NEW YORK

Police to take over school security. The New York City Board of Education will soon vote to put the Police Department in charge of school security, according to the Sept. 16 New York Times. Experts believe the plan would be the first of its kind.

The measure has undergone heated debate over the past five years. Mayor Rudolph Giuliani has lobbied for the police takeover as a step toward improved school safety. The plan would shut a School Board security unit, which is being called the “F troop” in the wake of staff convictions. Critics of the plan say a police presence would give schools a prison atmosphere and could undermine principals’ authority in discipline matters. Former city schools Chancellor Ramon Cortines resigned in 1995 largely because of his “bitter feud” with Giuliani over the issue, according to the Times.

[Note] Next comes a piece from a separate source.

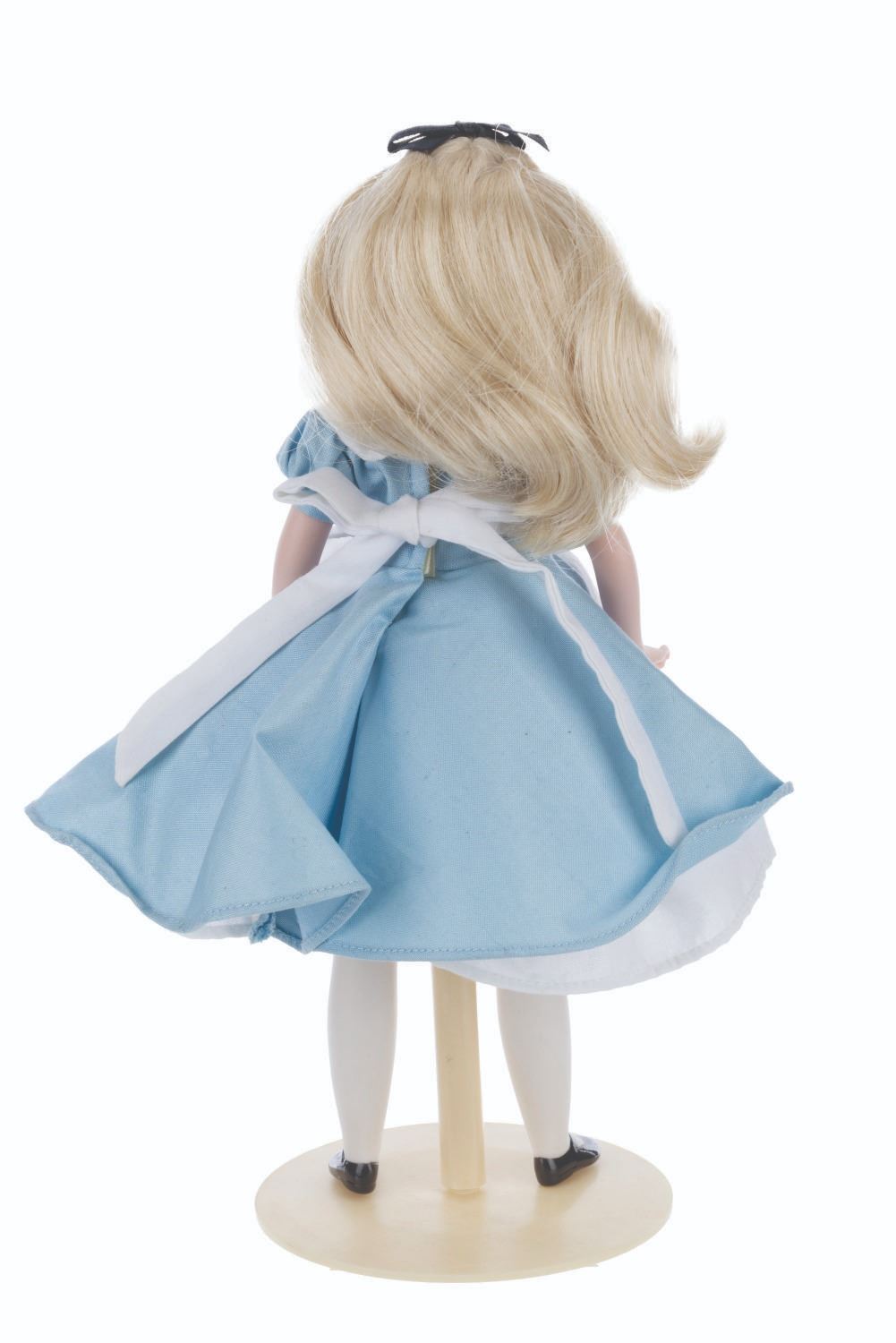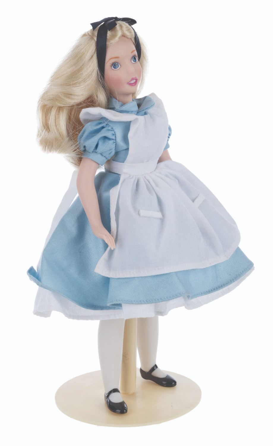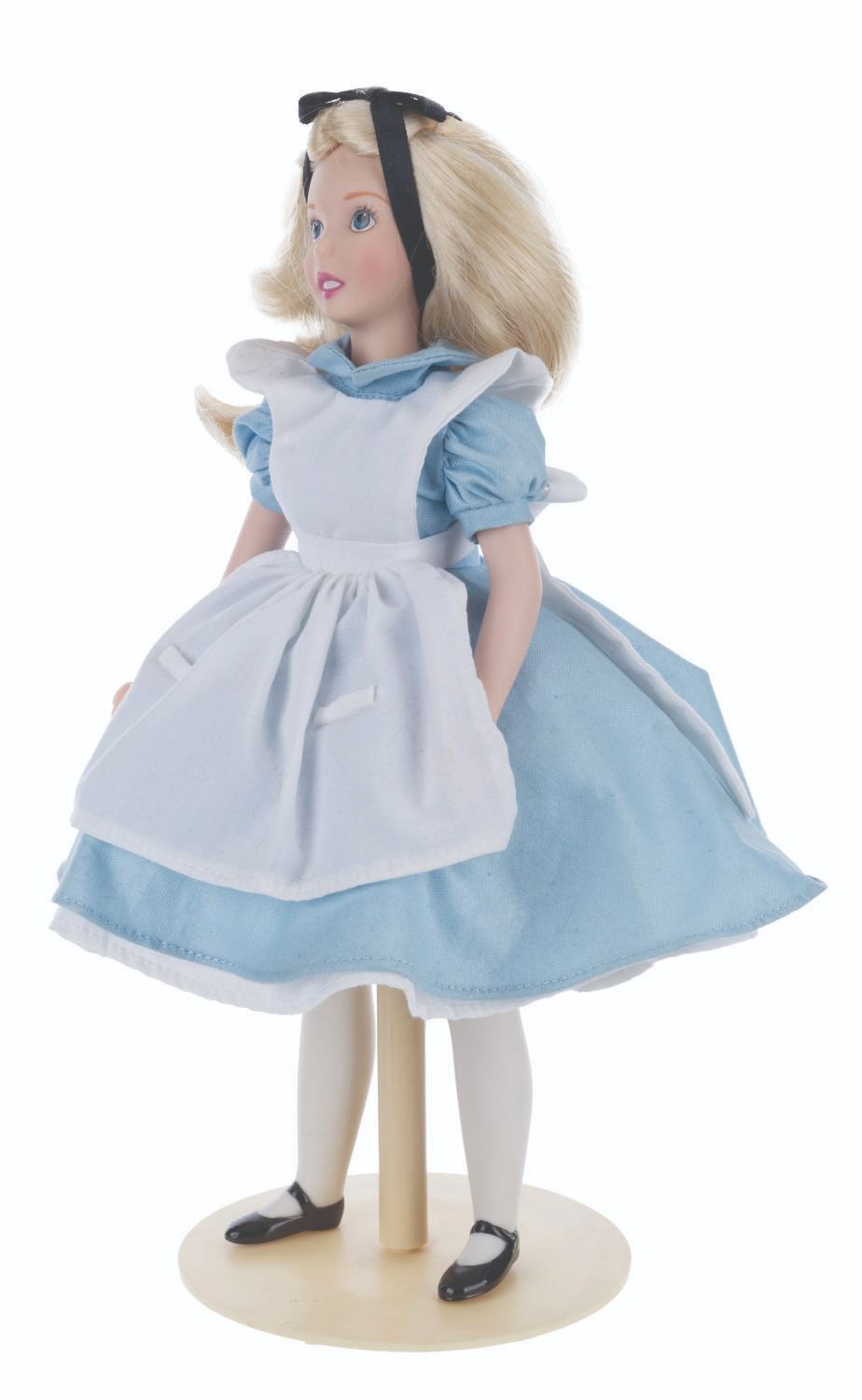 (Franklin Mint, 1991) An Alice in Wonderland doll sculpted from fine bisque porcelain, hand-painted with meticulously tailored fabric clothing and accessories. Produced in 1991 by the Franklin Mint, the 11.5" tall doll is in fine unused condition and comes with its original packaging.

Rudy Crew, the current chancellor, opposed the plan initially but recently reached a compromise with the mayor: The Police Department will replace security guards on a one-for-one basis but not increase the security force. The measure, tentatively scheduled to take effect Nov. 1, would put 3,200 officers in 1,100 schools. Officers would not carry guns except at 128 schools already patrolled by police. Under the compromise, police, parents and school staff at each school would write up a safety plan.

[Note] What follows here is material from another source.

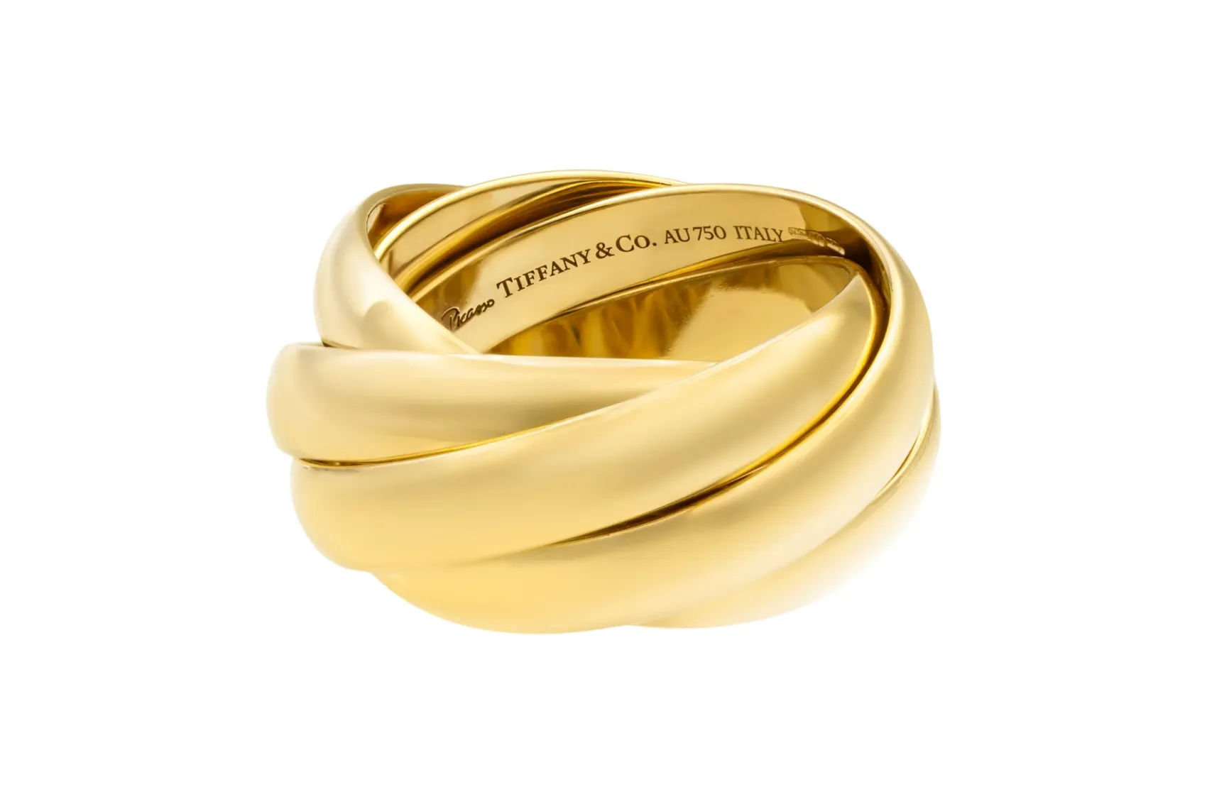 This striking Tiffany & Co. Paloma’s Melody ring is crafted in rich 18ct yellow gold and designed with five interlocking bands that create a harmonious, fluid movement with every gesture.

How the measure would balance power between school officials and the Police Department remains unclear, according to the Times. For example, who decides whether a student should be arrested or suspended for a fistfight?

Some groups who initially opposed the measure support the compromise; others are withholding judgment until all the details are worked out, the paper reports.

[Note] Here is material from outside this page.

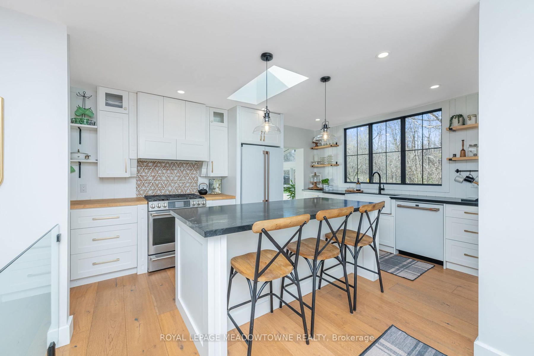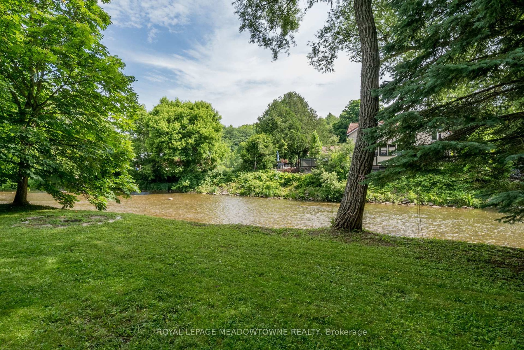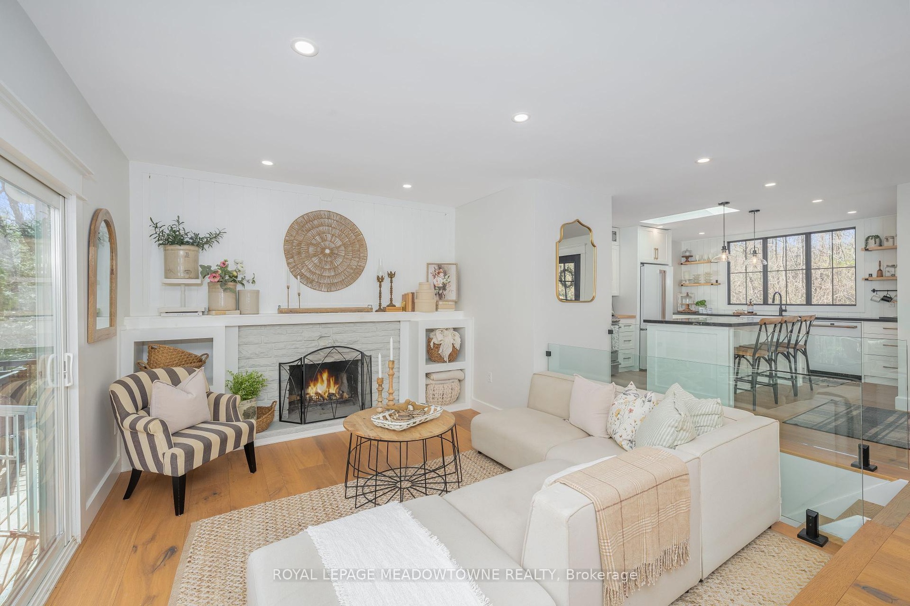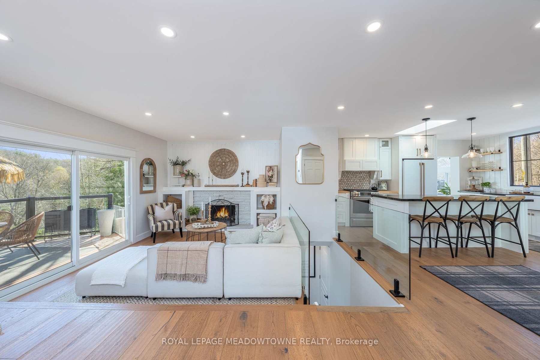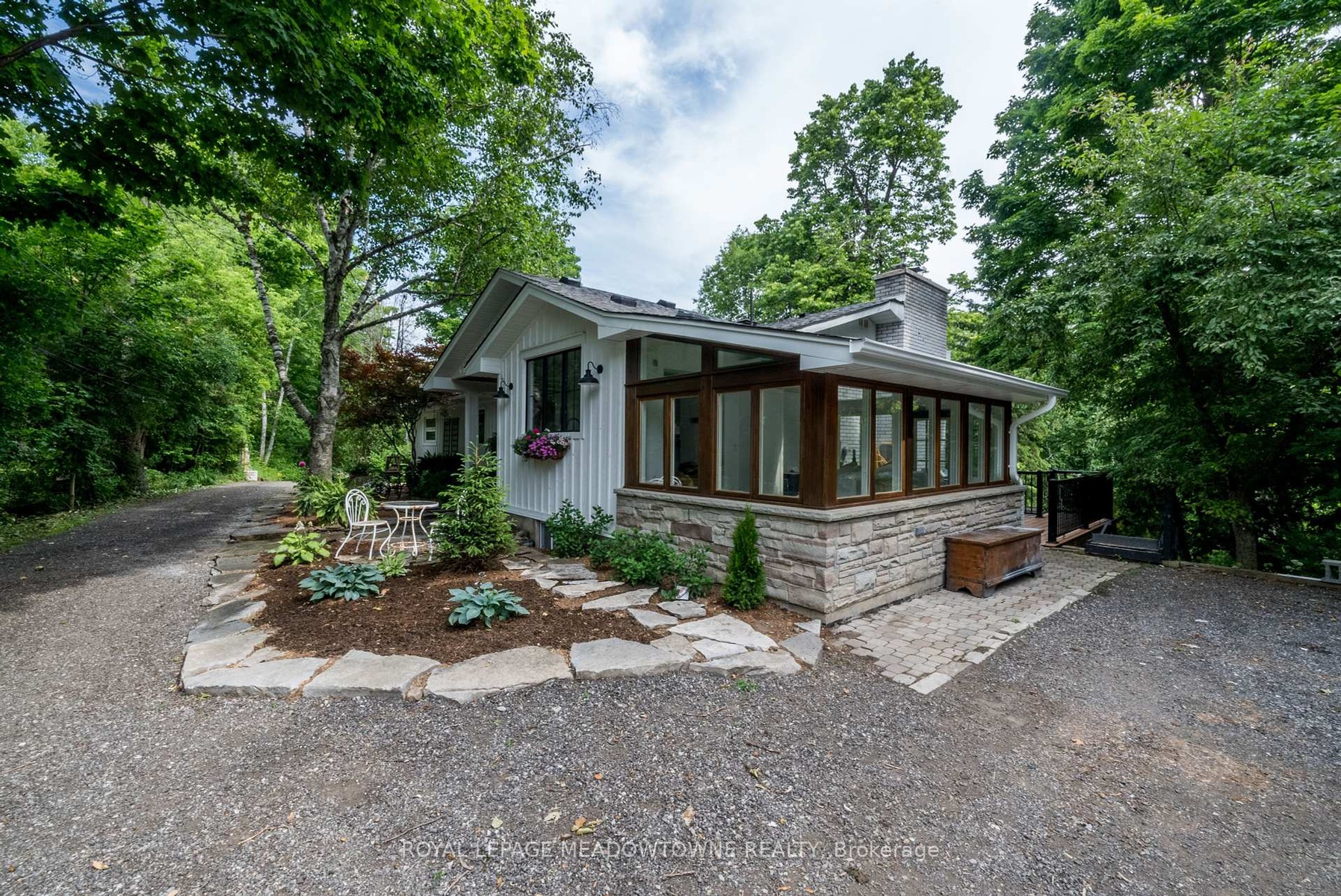 Welcome to this beautifully reimagined 4-bedroom home, privately nestled along a quiet gravel lane in the scenic village of Glen Williams. Set on nearly an acre with uninterrupted, year-round views of the Credit River, this property offers a rare fusion of peaceful nature and modern elegance. Step into the inviting sunroom -- bathed in natural light, its the perfect space to welcome guests, set up a creative home office, or simply relax with a good book. Inside, the main floor features stunning white oak floors and a breezy, open-concept layout that effortlessly connects the kitchen, dining, and living areas -- ideal for both everyday life and memorable entertaining. At the heart of the home, the chef-inspired kitchen combines functionality with elevated design. It boasts top-of-the-line Café appliances, ample cabinetry, and a striking picture window above the sink, framing views of the surrounding landscape. Upstairs, the serene primary suite offers a generous retreat, complete with a contemporary ensuite and space to unwind. Glass railings lead to the fully finished walkout basement, where abundant natural light and luxury vinyl plank flooring create a warm, open ambiance. This level includes a spacious family room, an additional bedroom and full bathroom, plus a versatile workshop area that could easily serve as a guest suite or creative studio. Outside, expansive decks provide a front-row seat to the river's beauty -- perfect for morning coffee, weekend lounging, or evenings under the stars. Offering the best of both worlds, this secluded escape is just seven minutes from the Georgetown GO Station, putting city access within easy reach while enjoying the charm and tranquility of Glen Williams.

Students interviewed by the Times expressed mixed feelings about the takeover: While safety might improve, they thought, many also feared police harassment. “With security guards, you could be friends,” said one high school senior. “With cops, there’s tension. We’re going to have to keep our distance.”

In Chicago, the school system is in charge of security, but uniformed police officers, working out of a special unit, are assigned to all high schools.

MASSACHUSETTS

Teaching programs face skills test. Teacher education programs in Massachusetts may face closure if too many of their graduates fail a basic skills test, the Boston Globe reports in its Sept. 16 edition. The Massachusetts Board of Education voted to draft a proposal that would shut down college teaching programs if, for two consecutive years, more than 20 percent of their graduating students fail a basic skills test. The test is mandatory for teacher certification in Massachusetts and covers reading, writing and knowledge of the subject the graduate intends to teach. (Illinois also administers both a basic skills test and a subject-area test.)

When the Massachusetts test was given last April, 59 percent of aspiring teachers failed; in July, 47 percent failed. Only 2 of 54 colleges with students tested on those dates met the proposed cutoff: Harvard University and Wellesley College. This year, a total of 13 students completed teaching programs at those two schools.

Education deans say their schools are being unjustly blamed for the high failure rate, and note that the test has not yet been independently validated, the Globe reports. If approved, the state board’s proposal would not take effect until 2000.

NATIONWIDE

Treatment of gay students rated. In a rating of how well 42 large school districts protect and support gay and lesbian students, Chicago and 16 other districts earned an ‘F.’

The report card released Sept. 10 by the New York-based Gay, Lesbian, and Straight Education Network (GLSEN) judged districts on six criteria, including whether they have a written policy specifically protecting students and staff from discrimination and harassment based on real or perceived sexual orientation, whether districts provide inservice training on issues affecting gay, lesbian and bisexual students, and whether the district has student groups that address homophobia. Chicago met none of these criteria.

In the Dade County (Miami, Fla.) public schools, one of eight districts that earned a perfect score, guidance counselors at 22 of 31 high schools offered gay and lesbian support groups last year, and students at five high schools started clubs, according to the Sept. 10 Miami Herald. Other districts receiving A’s are Boston, Denver, Los Angeles, Philadelphia, San Diego and San Francisco.

“Our big issue is safety,” Edda Cimino, a GLSEN co-chair in South Florida told the Herald. “These students have a right to learn in a safe environment. If they don’t feel safe, they won’t learn.”

Glsen also provided the Herald with these national statistics: About 19 percent of gay and lesbian students are physically attacked because of their sexual orientation; 13 percent skip school at least once a month due to such attacks; 26 percent eventually drop out.

The report was endorsed by the National Education Association, American Federation of Teachers, and the National Association of School Psychologists.